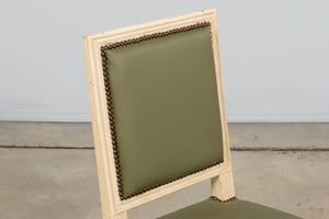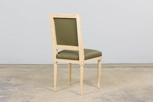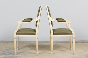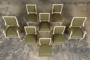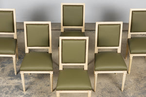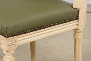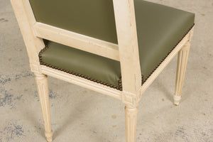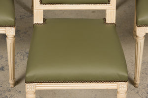 Antique French Louis XVI Style Painted Dining Chairs in Olive Green Leather - Set of 8
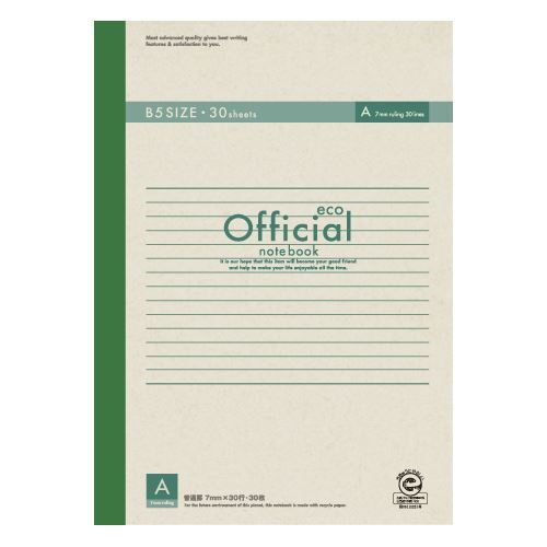 セミB5判:横179×縦252mm。中紙:6A3FEのみ古紙パルプ配合再生紙使用。印刷:大豆油インク(SOY。INK)。サイズ:セミB5判。30行。枚数:30枚 |
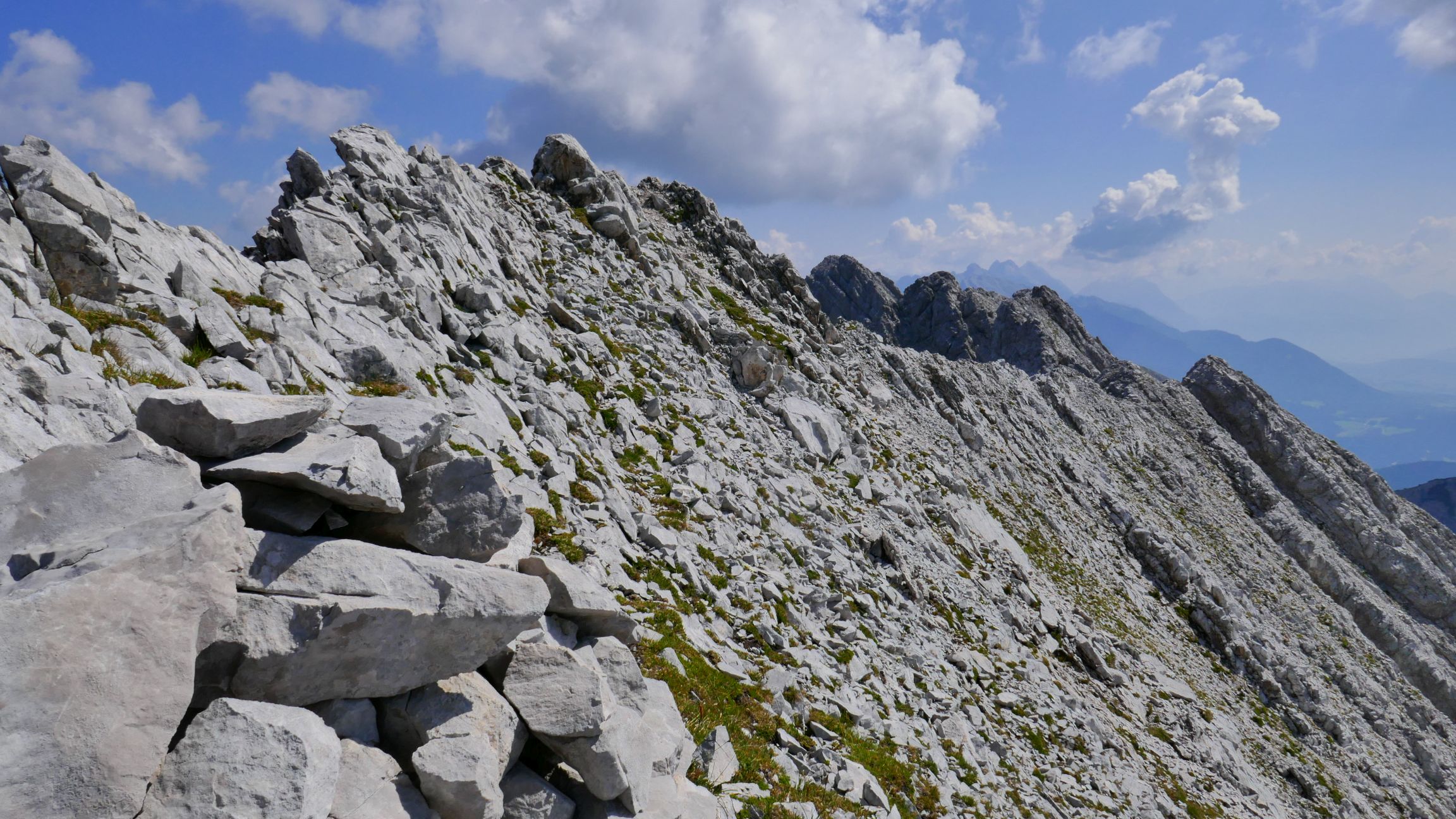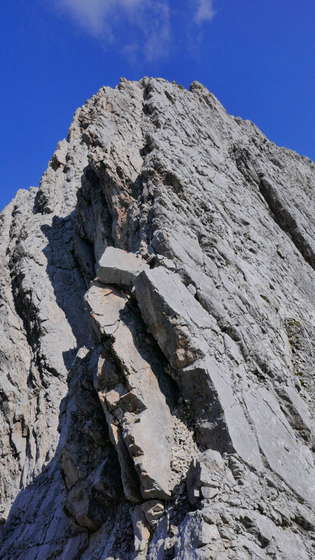 Der Ostgrat ist nicht besonders lang, ich brauche trotz 2 kleiner Verhauer nur 35 Minuten ab der Scharte, insgesamt ca. 1:30h von der Heiterwandhütte und etwas über 4h von Obtarrenz.
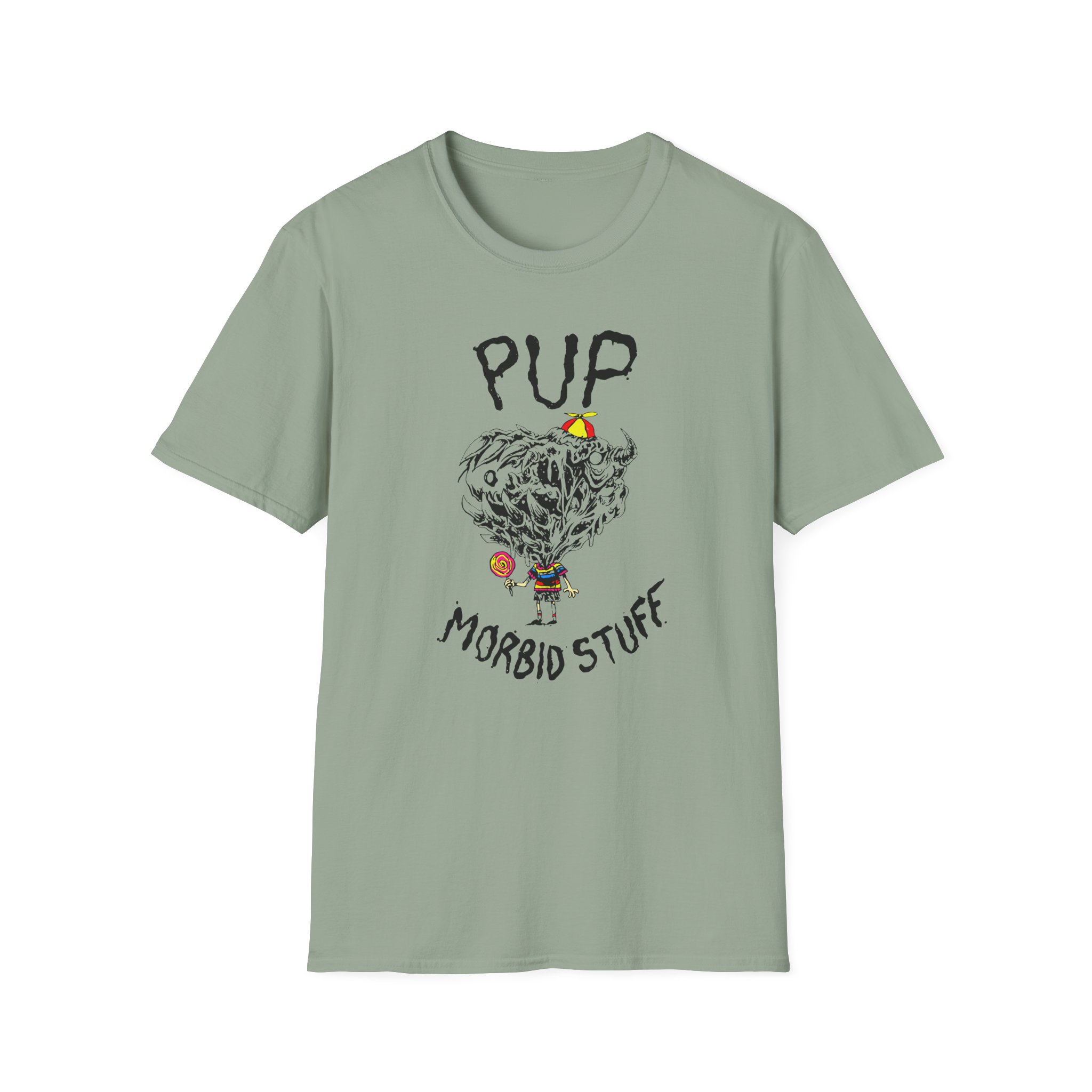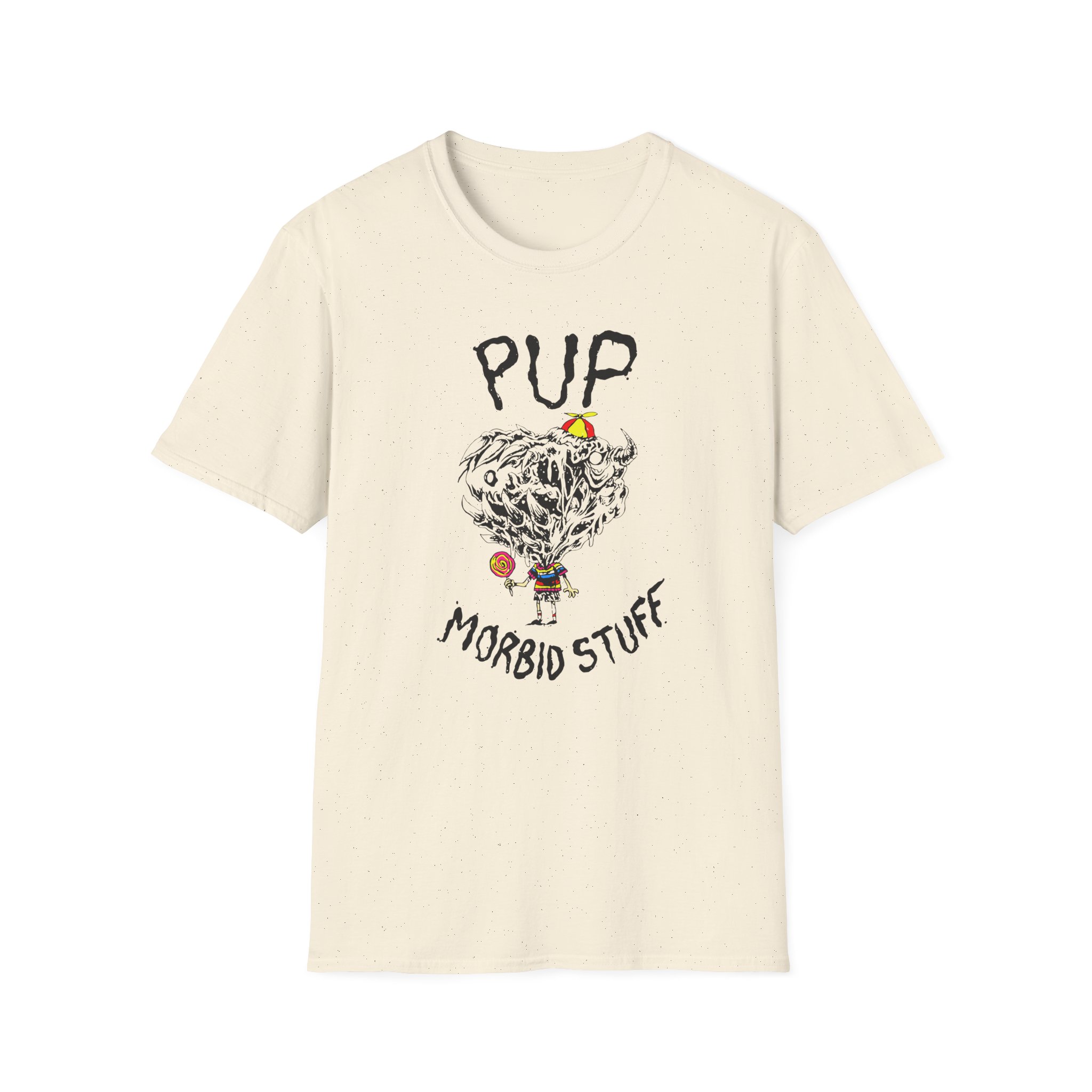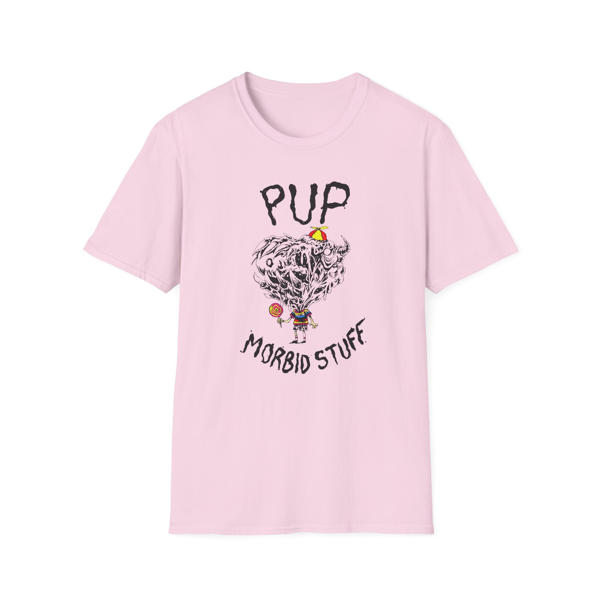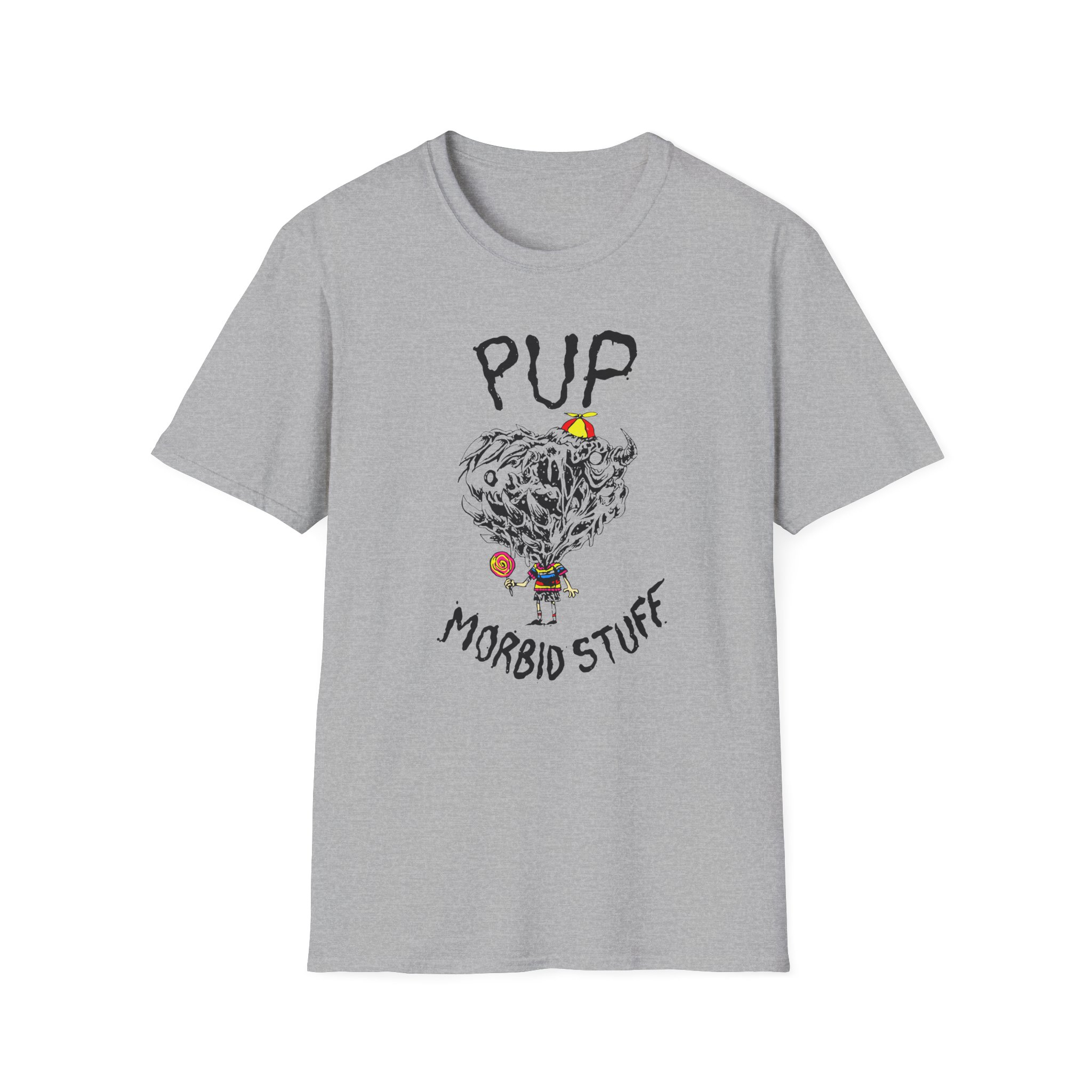 The Pup Morbid Stuff Lollipop unisex soft-style t-shirt puts a new spin on casual comfort. Made from very soft materials, this tee is 100% cotton for solid colors. Heather colors and sports grey include polyester. The shoulders have twill tape for improved durability. There are no side seams. The collar is made with ribbed knitting to prevent curling damage.

____

Task to complete:
In the answer, retype exactly and only the lines from the one holding "セミB5判:横179×縦25" through the end of the listing, keeping both ends and dropping every picture.

Answer section:
 セミB5判:横179×縦252mm。中紙:6A3FEのみ古紙パルプ配合再生紙使用。印刷:大豆油インク(SOY。INK)。サイズ:セミB5判。30行。枚数:30枚 |
 Der Ostgrat ist nicht besonders lang, ich brauche trotz 2 kleiner Verhauer nur 35 Minuten ab der Scharte, insgesamt ca. 1:30h von der Heiterwandhütte und etwas über 4h von Obtarrenz.
 The Pup Morbid Stuff Lollipop unisex soft-style t-shirt puts a new spin on casual comfort. Made from very soft materials, this tee is 100% cotton for solid colors. Heather colors and sports grey include polyester. The shoulders have twill tape for improved durability. There are no side seams. The collar is made with ribbed knitting to prevent curling damage.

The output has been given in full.